In a study published in the Journal of Anthropological Archaeology in December 2017, Christine Cave and Marc Oxenham explain that how people are treated in death reflects how they were perceived in life. Upon examining the treasure that people were buried with across three centuries, they found that female graves tended to have high-status objects which represented beauty, such as gemstones, rings, and brooches. Meanwhile, male tombs were filled with tools and artifacts of martial power, like spears, axes, goblets, and tweezers. And while men tended to accumulate more items with increased age, the opposite was true of women. In short, “older women on the whole were shown less respect in death than their male counterparts,” they write. “Aging in Anglo-Saxon England was a gendered process.”

The anthropologists note that the treasures with which women were buried also show that beauty was seen as more important for women than for men: “beauty, for both men and women, declines with age, but only in women is this key identity displayed in the burial ritual.” They also point out that martial ability, like beauty, decreases with age, so the swords and spears in male graves were likely symbolic. But somehow the decline in men’s physical vigor was overlooked.

The discoveries are particularly important because “there are virtually no contemporary textual sources for the period,” the anthropologists explain. “What we can glean about early Anglo-Saxon societies comes directly from the people themselves and is not affected by the conceptions and preconceptions of those able to write about it.”

These cultural biases were not unique to the Anglo-Saxons among people of yore, nor are they buried and gone today. Cave tells Quartz that “most cultures in the past exhibited to some extent this pattern; it is even discernible today, although with perhaps less of the ‘martial’ and more of the ‘strong’ or ‘masculine’ man image being popular.” Men gain power throughout their lives, while in a fundamental misalignment of culture and biology, women reliably outlive men and get scorned for doing so.

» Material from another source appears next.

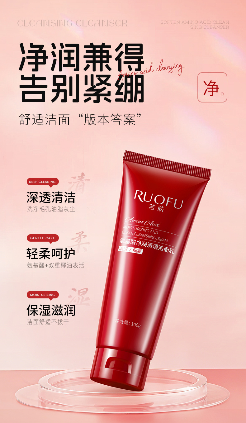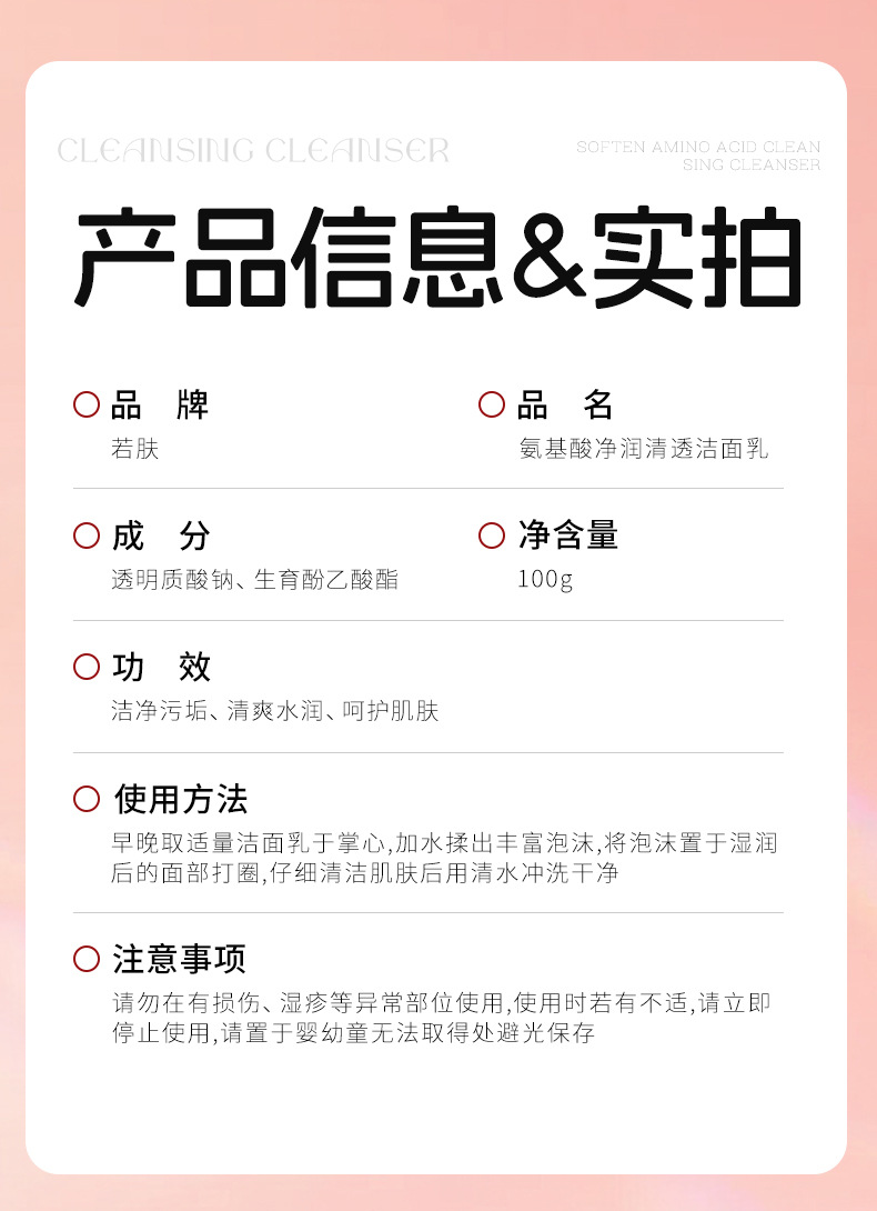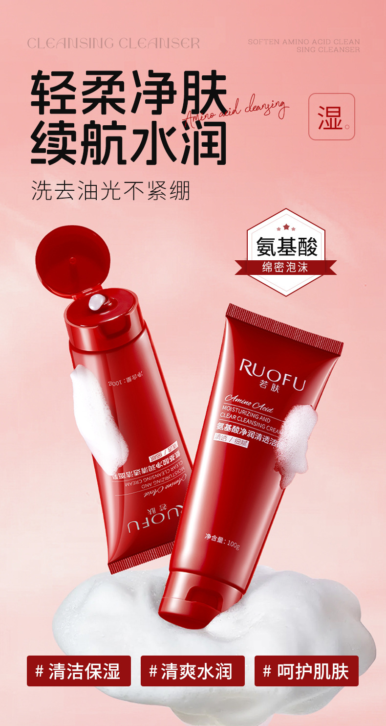 若肤氨基酸净润清透洗面奶洁面乳补水洗面奶补水保湿深层清洁毛孔

Consider a 2016 analysis by Hannah Anderson and Matt Daniels, which counted the number of words spoken by men and women in popular films. Women peaked at age 30, while men kept getting more lines until around 65. As Cave pointed out, popular depictions that suggest women’s worth is tied to their youth are especially dangerous because our movies train audiences and engrain cultural norms for the future.

At least evolution treats women with respect. According to the grandmother hypothesis, women evolved to live past their reproductive years because their presence is essential to enhancing their descendants’ chances of survival. In humans, as well as other species like killer whales, elderly females provide valuable service to their tribes as guides and guardians.

Yet many cultures continue to embrace the Anglo-Saxons’ view. Cave says that by highlighting the long history of gendered stereotypes, her research may help us become more aware of the biases we continue to live with today. “Although there are great improvements in attitudes to issues like equality of the sexes, we can see that these stereotypes are deeply embedded in our psyches and are therefore difficult to shift,” she says. “It is likely to take generations for true equality to happen, but it can, in the end.”